【本屋大賞】の最近のブログ記事

オススメ度 ★★★★☆ 4/5
戦国時代に瀬戸内海で勢力を誇っていた村上海賊を、戦に憧れる娘景(きょう)を中心に描く。

海賊という言葉はよく聞くけれども、どこか外国や物語の中にのみ登場する存在であって、日本の歴史にはそぐわない気がしていたのは僕だけだろうか。だからこそタイトルの「村上海賊」が不思議で魅力的に聞こえるのだろう。主人公が女性なのだが、残念なのが冒頭でいきなりその景(きょう)が嫁ぎ先に困るような醜女(しこめ)だと書かれているということだ。男性読者はいつもヒロインを理想の女性像と重ね合わせて読むからこれは非常に残念なのだが、本書を通じて景(きょう)の大活躍を見る事によってそんな考え方もくつがえされていく。

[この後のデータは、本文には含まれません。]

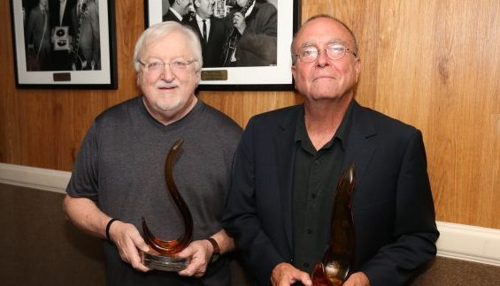 Pat Alger, an adjunct faculty member in songwriting and a Nashville Songwriter Hall of Fame inductee, was recently honored with the Georgia Music Foundation Flamekeeper Award at the Fifth Annual “Georgia on My Mind” concert, hosted by The Peach Pickers at the Ryman. The award was introduced in 2014 and recognizes individuals whose work tirelessly preserves and promotes Georgia’s musical roots and traditions. Alger is pictured above with fellow Flamekeeper Award recipient and Nashville Songwriters Hall of Fame member Tony Arata.

さて、物語は本願寺の地を狙う織田信長に対して、その地を守ろうとする本願寺側が兵糧を毛利家に求め、毛利家はその兵糧を運ぶために村上海賊を頼る、という構図である。しかし、本願寺、毛利、村上海賊もいずれも、異なる思いを抱えた人物が存在するために、いろんな駆け引きが発生するのである。

しかし、最初は「家の存続」や「地位の向上」を意識しながら行われていた細かい駆け引きが、やがて戦が本格化するにしたがって、潔よく、誇り高い行動に変わって行く様子が非常に爽快である。

大なるものに靡き続ければ、確かに家は残るだろう。だが、それで家を保ったといえるのか。残るのは、からっぽの容れ物だけではないか。

村上海賊の景(きょう)はもちろん、弱虫であった弟の景親(かげちか)や雑賀党(さいかとう)の鈴木孫一(すずきまごいち)などかっこいい人物ばかりである。極めつけは景(きょう)の最大の敵となった七五三兵衛(しめのひょうえ)である。どのように決着するのかぜひ楽しんでいただきたい。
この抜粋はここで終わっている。